I don’t have long to wait. When he comes it’s with an actual shout, somewhere between the pain from a long-suppressed release, and the unexpected joy of getting exactly what he wanted. It’s so loud that there’s a flash of echo from the empty rooms of the rest of the house. His sperm floods my mouth as he holds my head down. The load is bitter like coffee, and thick like pudding, but I’m grateful for it. I swallow quickly and milk the big head of its last few drops. Then I lie there still, a dog with a much-desired bone in its mouth.

It’s a few minutes before I release him. I’m still clothed; he’s naked save for the socks. He stares at me, motionless, as if I were a baby deer and he’s afraid of frightening me. “Do you have to go?”

I shake my head. “Do you want me to go?”

He laughs, but it’s only slightly. “If you suck cock like that, I don’t know why anyone would ever let you go.”

“You liked?”

“Oh yes.” His voice is soft. He puts an arm around my shoulder. “I liked it very much.”
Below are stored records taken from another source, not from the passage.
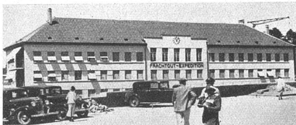
Der neue Güterbahnhof Weiermannshaus SBB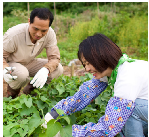
Nagtatrabaho ang isang mag-asawa sa kanilang halaman sa Taiwan.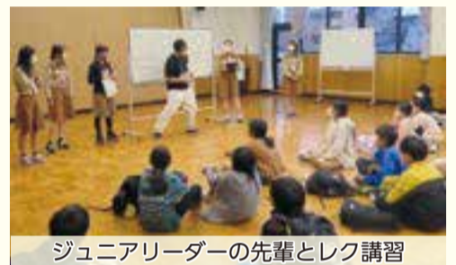
ジュニアリーダーの先輩とレク講習

時 内 下表のとおり 区 区内在住・在学の小学5年生~中学1年生まで 費 6,000円(教材費、宿泊研修参加費等) [申込用紙配布場所] 区ホームページ、区立小・中学校、青少年課地域連携係(区役所4階24番) 締 8/18(金) 申 区ホームページ、または申込用紙に必要事項を記入し、〒135-8383区役所青少年課地域連携係へ郵送・窓口で☎3647-9629、FAX3647-8474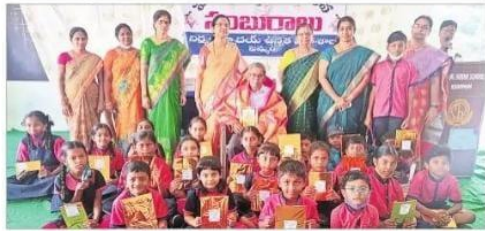
ఖమ్మం సహకారవర్గం నిర్వహించిన పాఠశాలలో వేడుకలు.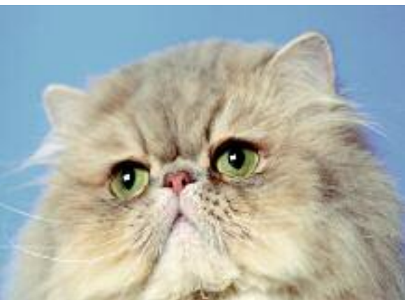
Perseren er verdens mest udbredte racekat.

Perseren er en meget gammel race, hvis historie menes at gå mange hundrede år tilbage. Perseren er særdeles populær og regnes for verdens mest udbredte racekat. Den kendes på dens lange pels og kraftige, kompakte krop og ikke mindst på dens meget hengivne, rolige og velafbalancerede temperament.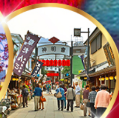
ย่านโบราณ ชิบูมาตะ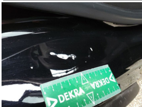
Entrée de porte / Arrière Droit / Enfoncement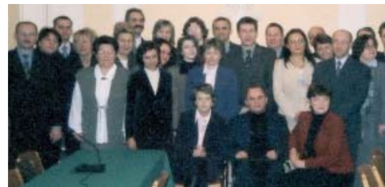
Uczestnicy uroczystości wręczenia certyfikatów dla trenerów KOSzEFS

wienie przykładów projektów dotyczących konkretnych grup i problemów np. kobiet, osób niepełnosprawnych, przedsiębiorców czy rejonów wiejskich. Szkolenia w ocenie uczestników. W 2003 roku KOSzEFS przeprowadził 102 szkolenia na terenie całego kraju, w których przeszkolonych zostało 2739 osób. Każde szkolenie było oceniane przez uczestników. Większość z nich oceniła szkolenia wysoko. Z analizy ocen wynika, że szkolenia spełniły swój cel zarówno pod względem przydatności, jak i zakresu tematycznego. Szkolenia dla uczestników były nie tylko możliwością zdobycia wiedzy z za-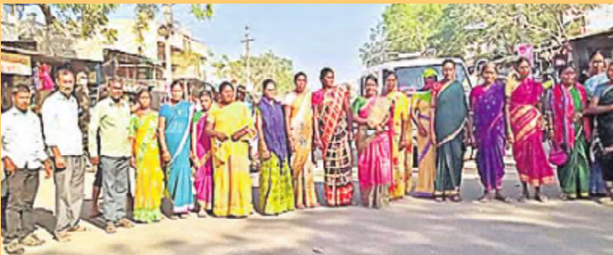
ప్రచారం చేస్తున్న అనివాసీలు

I allow myself to settle into the crook of his arm. He smells good, like fresh laundry and a clean medicine cabinet. For a moment I revel in the soft touch of his hand as he strokes my hair.

“Do I get to kiss you again?” he asks finally, his voice a rumble where my ear rests against his chest.

I prop myself up on an elbow. Brush the shock of silver hair from his forehead. Then very slowly, very deliberately, I show him that indeed, he gets to kiss me again, as much as he desires.